Charles and David Koch, whose combination of right-wing extremism and endless income makes them two of America’s Most Notorious Thugs, are the subjects of a new retrospective that highlights how their construction and pipelines before Katrina, and their aggressive lobbying after it, helped worsen the damage to the Gulf Coast region, both environmentally and socially.

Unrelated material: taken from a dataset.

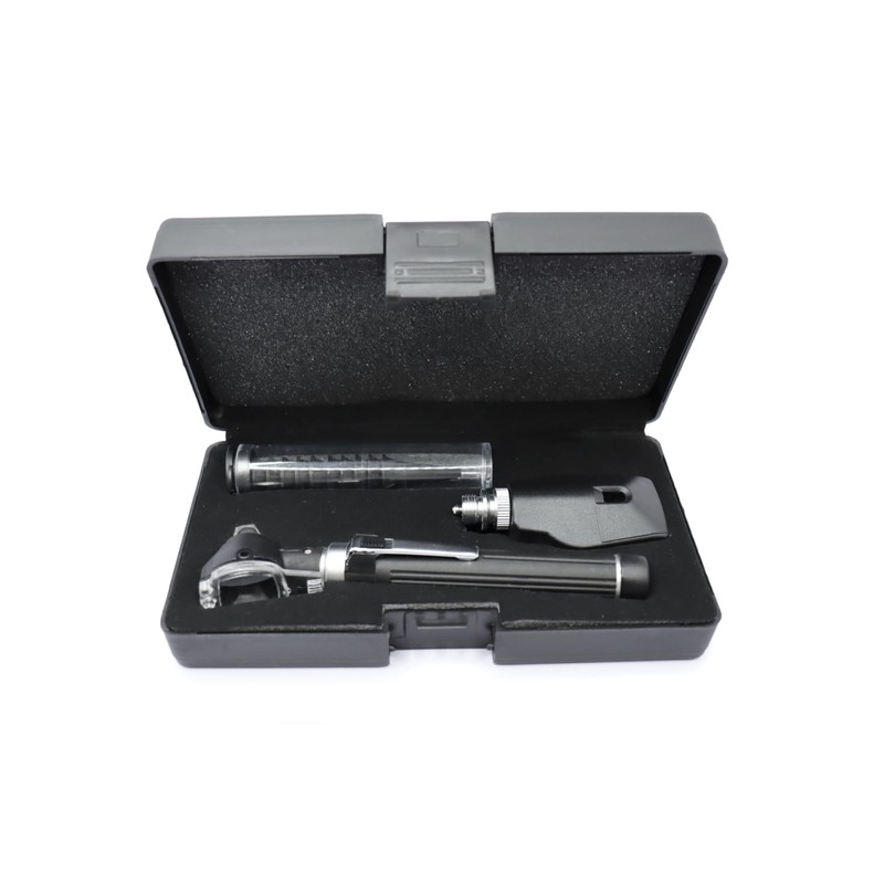 Oftalmoscopio fabricado con los mejores materiales y tecnología de punta, su mango está compuesto por dos materiales, aluminio y fibra de vidrio reforzado de alta calidad, incluye clip para su fácil desplazamiento.

“Ten Years Later: A Look Back on the Koch Brothers & Hurricane Katrina,” published by the Bridge Project, enumerates the ways Koch’s business and moral interests interfered with the recovery from Katrina as well as making the Gulf Coast vulnerable in the first place. The report begins by asserting:
The simple truth is that Koch Industries operates with a philosophy of putting its business interest ahead of local interests, and this report examines how that philosophy unfolded for the people hurt by Hurricane Katrina. In 2005, Koch Industries was accused of decades of negligence resulting in destroyed wetlands from pipeline dredging, which allegedly compounded the effects of Hurricane Katrina on Baton Rouge, Louisiana. Before the hurricane made landfall, the Kochs saw opportunity to profit from a vulnerable population in need of scarce resources, calling it “the right market to restart operations” at their newly-acquired Georgia-Pacific facilities in the region. After the hurricane, Koch Industries immediately went to work taking advantage of the situation, participating in a subsidized federal bond program, and it was even investigated for price gouging during a time of crisis; though the FTC found in their favor, Congress was highly critical of the FTC’s investigation.
The timing of the report coincides not just with the 10th anniversary of Hurricane Katrina, but also to counter the PR events the Kochs are sponsoring in order to “put forward a softer side,” as the Bridge puts it. These include sponsoring a Katrina-related National Press Club lunch and the Louisiana State Society’s “Volunteer Opportunity: Katrina +10.”
But it also evokes the class-action suit brought against the Kochs that asserted Koch pipelines around Baton Rouge decimated wetlands around the city, eroding the natural protection against hurricanes and other storms. (The suit was dismissed on technicalities of causation, but the judge on the case admitted coastal erosion was a “serious problem” and asserted that “a more focused, less ambitious lawsuit” could potentially have a win.
The report details a probe into the price gouging of gasoline by a Koch-owned oil company. (No evidence was found by the FTC, but a coalition of Senators led by Pennsylvania Republican Arlen Spector disagreed with the decision.) It also discusses the ways other Koch holdings profited off Katrina bond programs and used them to restart flagging operations and lobbied against legislation that would ease piquing insurance costs on average homeowners.
Just another fun little report from the frontlines of the Koch Boys, America’s Most Notorious Thugs!